Depending on the particular contract, the financial consequences of frustration may be difficult to resolve. This is especially so in cases where parties have made payments in advance of performance – or where one party has partially performed, but would not be entitled to payment until performance was complete. In these situations, there is a question as to where the parties’ losses fall. There is no one-size-fits-all rule that applies here. However, in Scots law, depending on the facts of the case, the courts may make an equitable adjustment between the parties in relation to sums paid in advance. They may also consider whether partial performance should be compensated on a quantum meruit basis.

How does frustration relate to force majeure clauses?

Frustration and force majeure clauses are both concerned with the effects of supervening events on a contract. However, as we mentioned above, a force majeure usually makes provision for how the contract will continue in the face of such a risk event.

On the other hand, it is usually thought that frustration cannot arise if the supervening event was something which the parties either foresaw, or provided for in their contract. It could therefore be that an event which might otherwise result in frustration will not have that effect, if the event falls within the scope of a force majeure clause.

Asserting that a contract is frustrated

A court will not lightly accept that a contract is frustrated. There are several reasons for this, but among them: (i) it will often be difficult for a party to show that performance of a contract is impossible or radically different, as opposed to merely more onerous to carry out; and, (ii) the result of frustration – i.e. the end of the contract – is considered severe.

A party considering asserting frustration should consider the commercial and legal risk. Bringing the contract to an end (and therefore losing all future rights under it) will not be a practical solution to every risk event. Additionally, asserting that a contract is frustrated, without having a prepared a strong case for why that is so, could be interpreted as a statement that the asserting party simply does not intend to be bound by the contract any more. That party might then be exposed to a claim for wrongful termination.

Frustration and coronarvirus

As we said at the beginning of this article, most construction contracts make detailed provision for how risk events are to be dealt with.
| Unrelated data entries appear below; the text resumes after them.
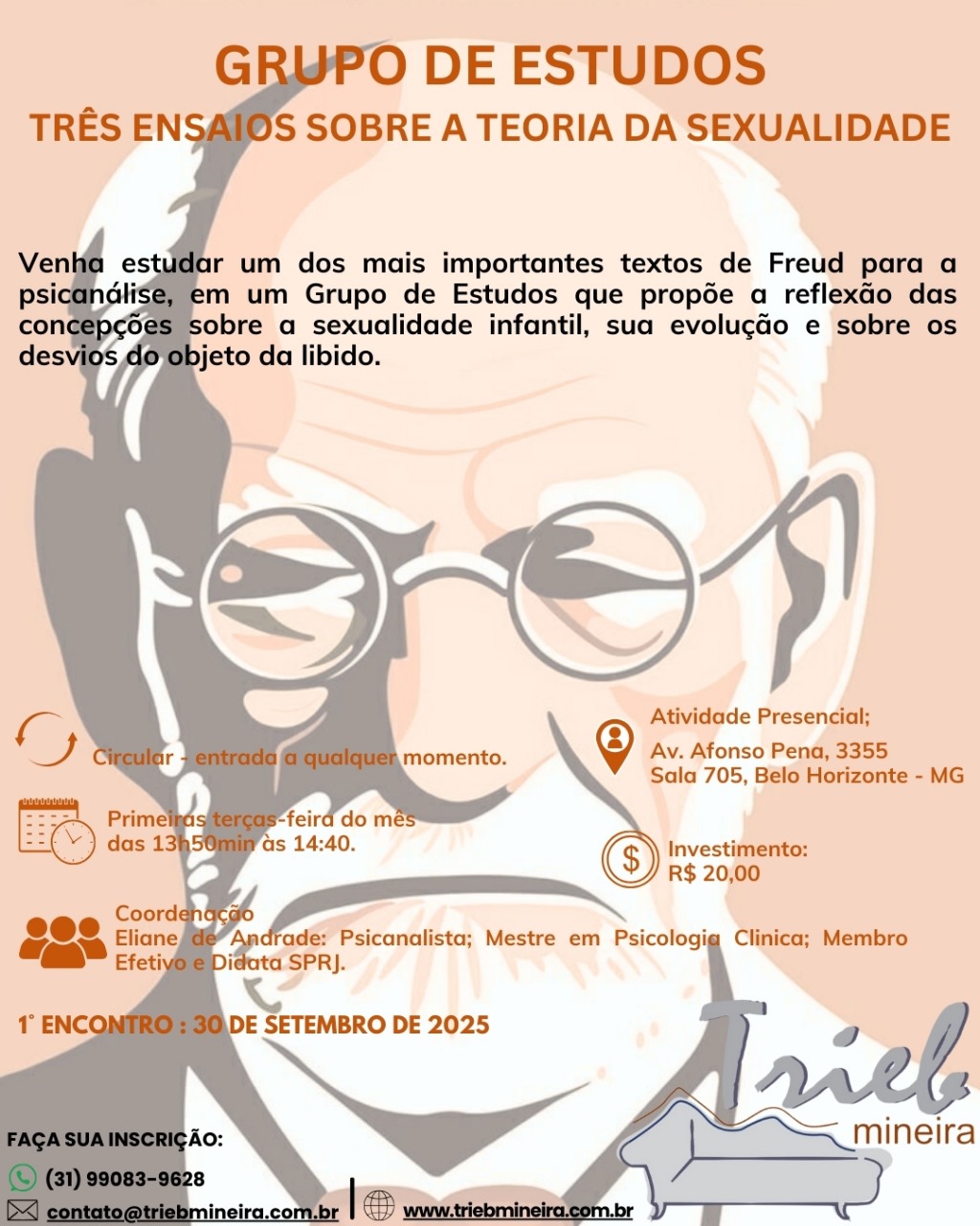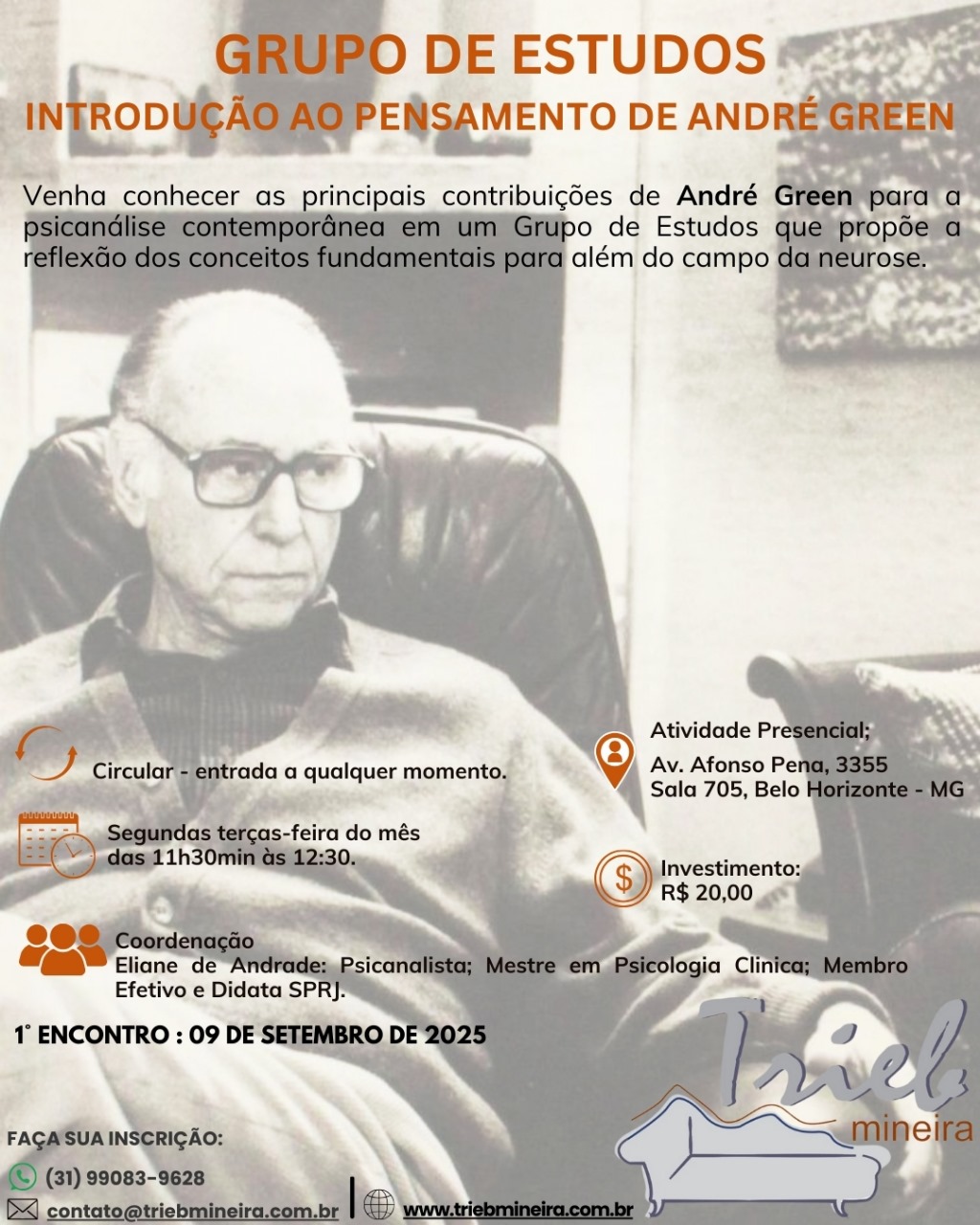 Grupo de estudos sobre conceitos fundamentais da obra de André Green. Ocorrerá às segundas terças-feira do mês, de 11h30 às 12h30, na sede da Trieb Mineira.
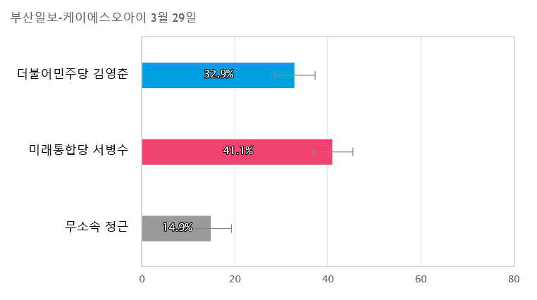 김영춘 후보는 이곳에서 재선을 노리고 있는데 상대방인 부산시장 출신인 통합당의 서병수 후보가 전략 공천되면서 어려운 승부가 되고 있습니다. 가장 최근 여론 조사를 살펴보면, 부산일보가 케이에스오아이에 의뢰하여 25일부터 26일까지 해당 지역구민을 상대로 실시한 조사에서 김영춘 후보는 32.9%, 서병수 후보는 41.1%를 기록한 결과가 나왔습니다. 그 밖의 사항은 중앙선거여론조사심의위원회 홈페이지를 참조하면 되겠습니다. (https://www.nesdc.go.kr/)
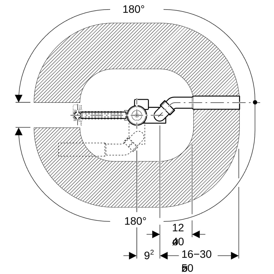 DN 40, für Badewannen mit Ventilloch Ø 52 mm, aus Stahl, Kunststoff oder Guss, in Standardgröße, Güteüberwacht nach EN 274-3, mit Überlauf und Zulauf, Überlaufkopf ausgerichtet befestigbar, doppelseitige Dichtungen an Ab- und Überlauf, Einlaufstrahl ausrichtbar, mit Überlaufkopf mit Zulauf, Ablaufventil, Geruchsverschluss, Anschlusswinkel 90° mit MasterFix, 1/2“, radial dichtend, Anschlussbogen aus PE-HD, Ø 40/50 mm, Bauschutz und Befestigungsmaterial
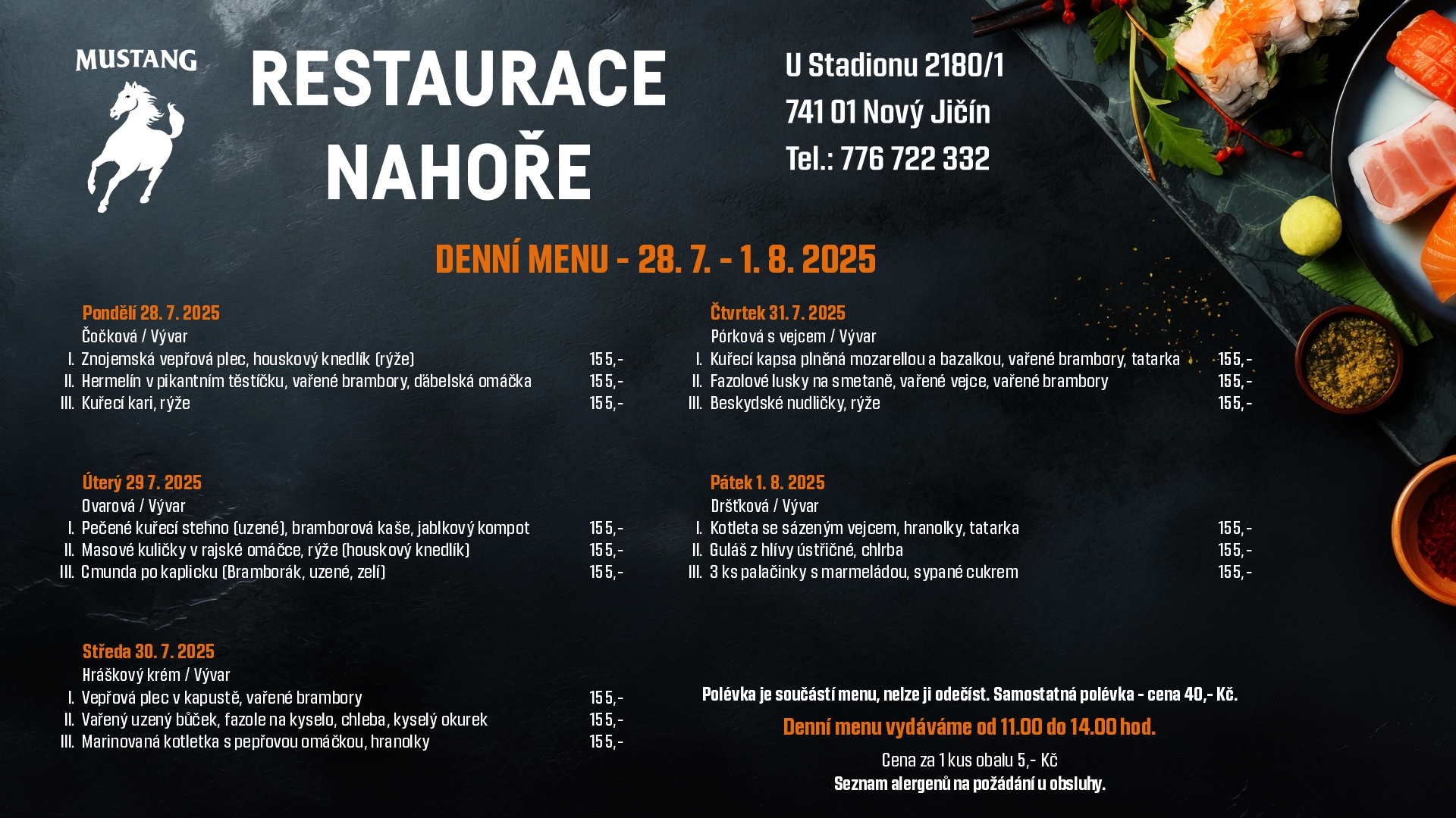 Týdenní menu v restauraci Nahoře 28.7. – 1.8.25
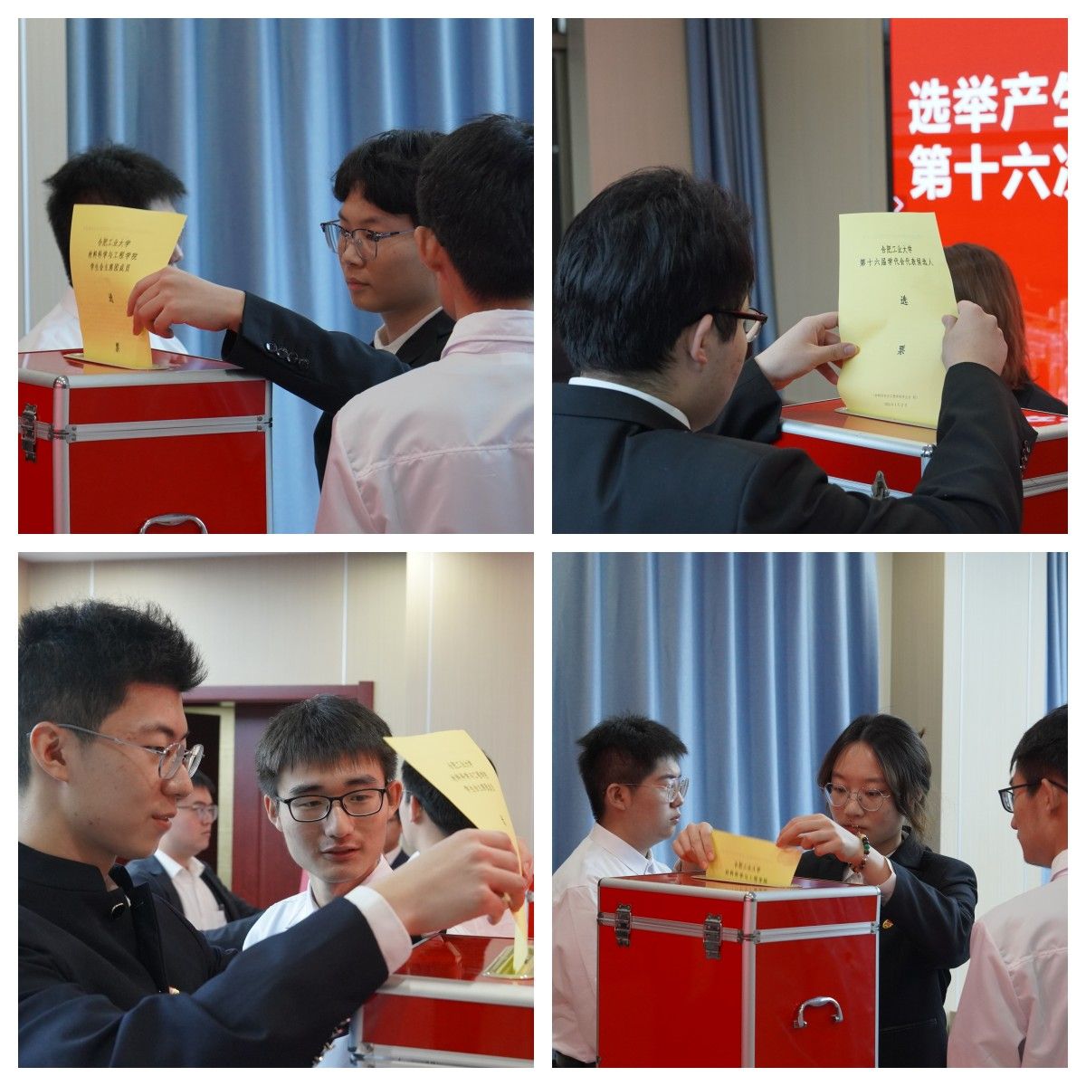 第十六次学生代表大会和暨第六次研究生代表大会学院的11名本科生代表和6名研究生代表,由学院学工办副主任兼团委副书记马贤峰老师宣读选举结果。
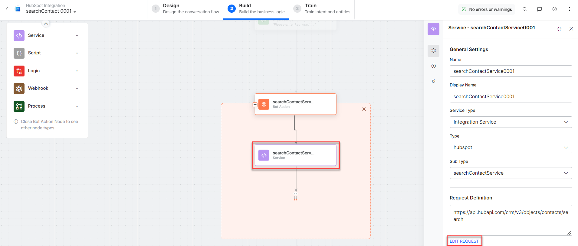 - searchContactService – A bot action script to update a deal in an external integration. Click the Plus icon to expand to view the searchContactService bot action component properties.
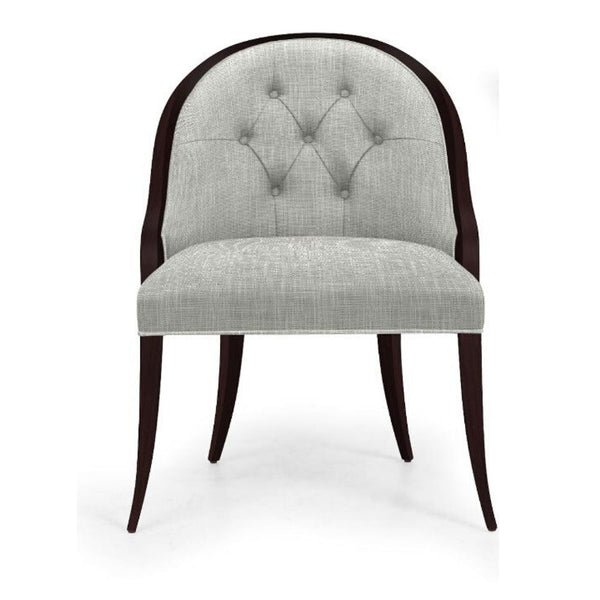 With its beautifully contoured back and tapered legs, this already striking tufted salon PISSARO ARMCHAIR is further enhanced by scrolled accents carved out of solid mahogany.
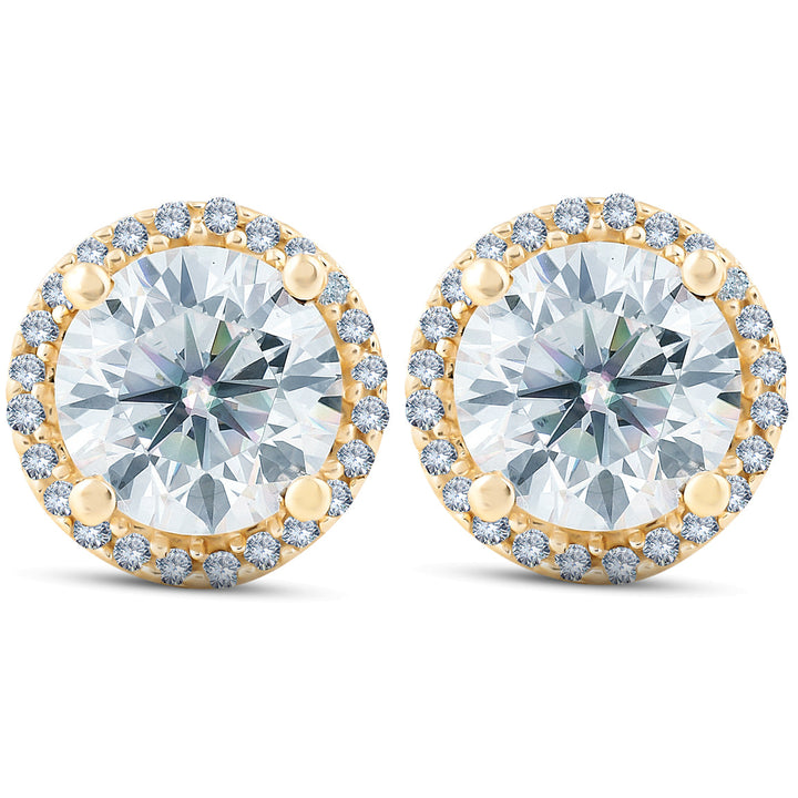 2 1/5 Ct Diamond Halo Screw Back Studs 10k Yellow Gold Lab Grown

It is likely only if the effects of the pandemic do not give rise to any relief under these clauses that frustration will become relevant.

However, even in those cases, it would not necessarily follow that the contract is frustrated. That is because, in many contracts, an event  need only delay or hinder performance in order to trigger a force majeure (or other relief event) clause. Generally, this is easier to establish than impossibility, or a radical change in performance. The effects of the pandemic on a given project would need to be severe in order to show these criteria were met. In most cases then, if no contractual relief is available for any of the effects of coronavirus, the result is more likely that the contractor will remain obliged to perform (possibly at increased cost), than the ending of the contract by frustration.

In light of these points, frustration may in reality be of limited assistance to parties to construction contracts in the current situation: frustration rarely arises, has far-reaching consequences, and is unlikely to provide the contractor with any financial relief.